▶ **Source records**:

=== Section Start ===

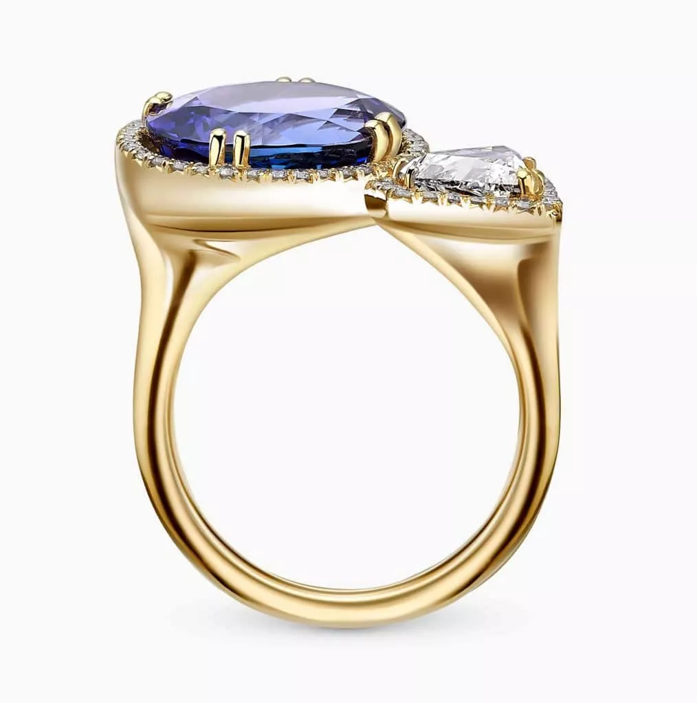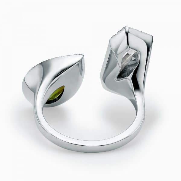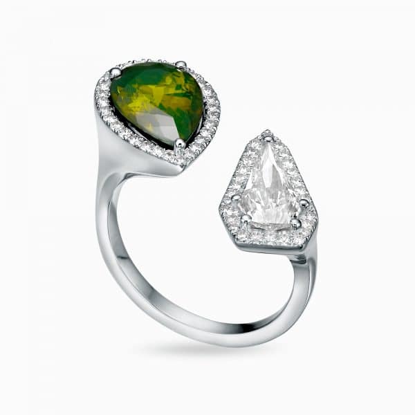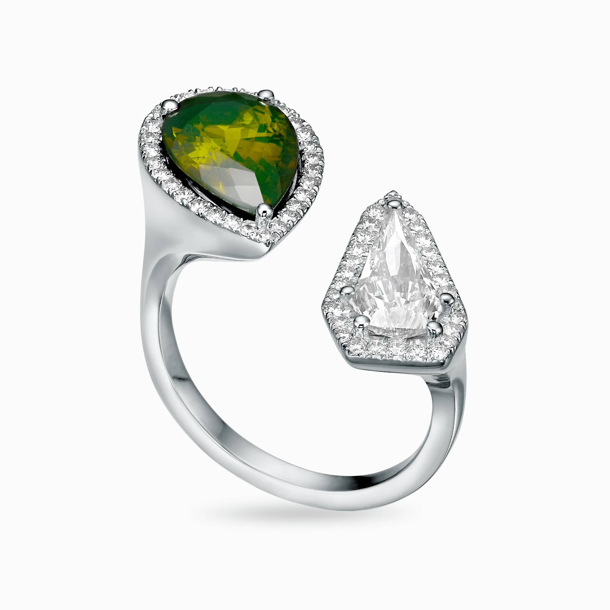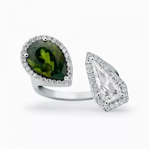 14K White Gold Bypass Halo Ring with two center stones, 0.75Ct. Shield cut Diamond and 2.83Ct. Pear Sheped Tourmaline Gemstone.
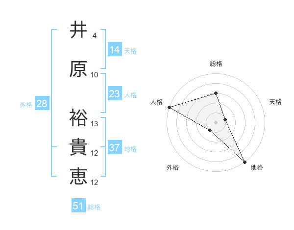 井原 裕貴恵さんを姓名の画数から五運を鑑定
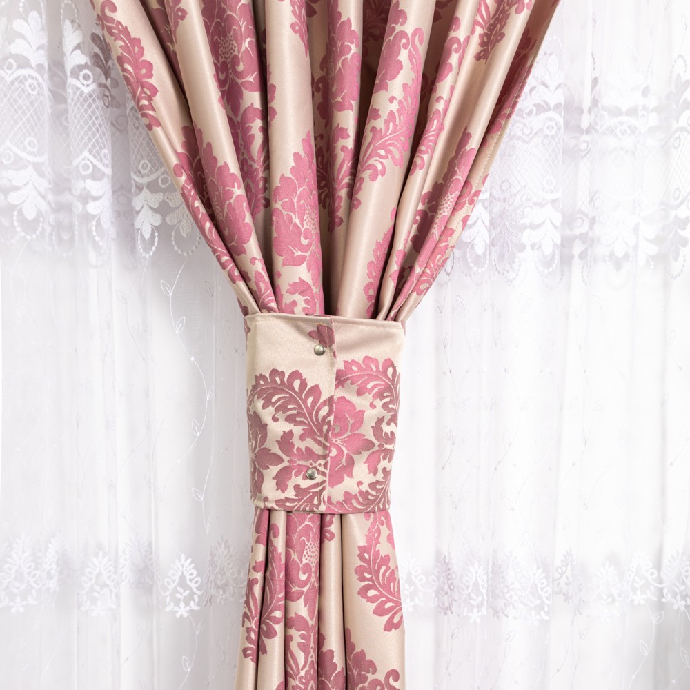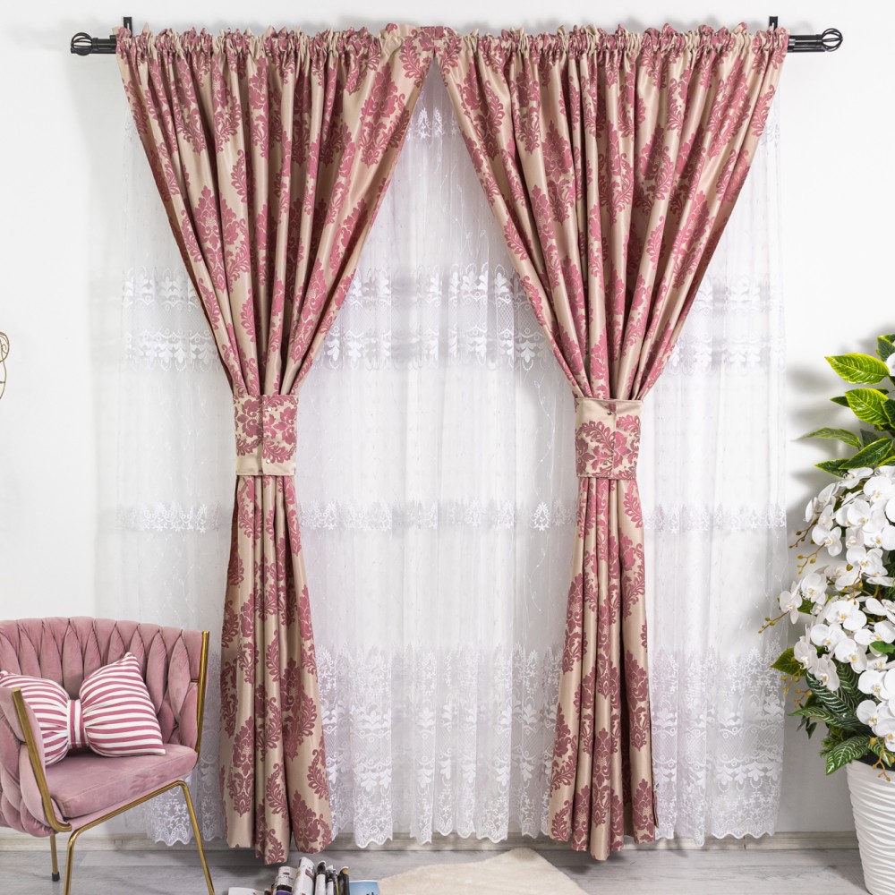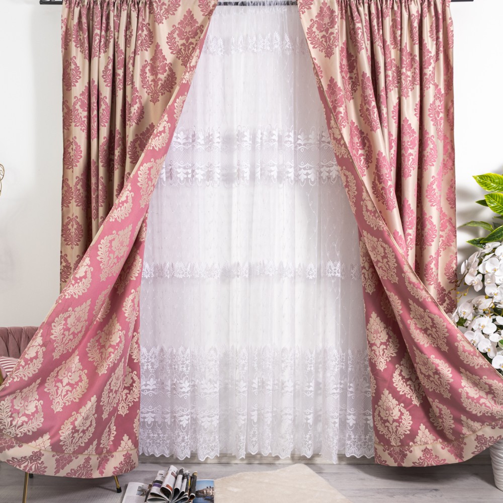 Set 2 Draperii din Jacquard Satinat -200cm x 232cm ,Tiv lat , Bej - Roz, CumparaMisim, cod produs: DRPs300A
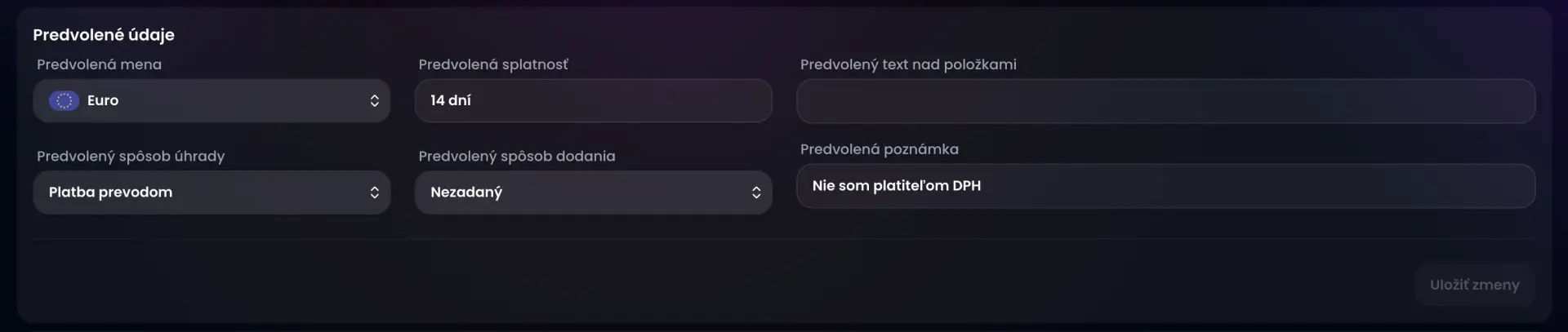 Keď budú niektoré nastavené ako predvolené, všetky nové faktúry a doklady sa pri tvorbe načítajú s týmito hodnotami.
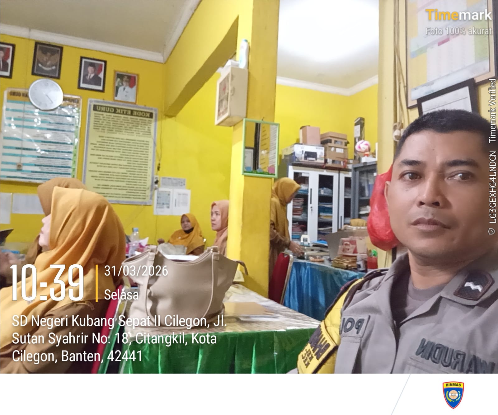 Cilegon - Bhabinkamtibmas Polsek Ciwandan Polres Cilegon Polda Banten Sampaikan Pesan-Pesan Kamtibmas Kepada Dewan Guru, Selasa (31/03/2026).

=== Section End ===

Leave out the pictures and reproduce the rest of the records exactly.

 14K White Gold Bypass Halo Ring with two center stones, 0.75Ct. Shield cut Diamond and 2.83Ct. Pear Sheped Tourmaline Gemstone.
 井原 裕貴恵さんを姓名の画数から五運を鑑定
 Set 2 Draperii din Jacquard Satinat -200cm x 232cm ,Tiv lat , Bej - Roz, CumparaMisim, cod produs: DRPs300A
 Keď budú niektoré nastavené ako predvolené, všetky nové faktúry a doklady sa pri tvorbe načítajú s týmito hodnotami.
 Cilegon - Bhabinkamtibmas Polsek Ciwandan Polres Cilegon Polda Banten Sampaikan Pesan-Pesan Kamtibmas Kepada Dewan Guru, Selasa (31/03/2026).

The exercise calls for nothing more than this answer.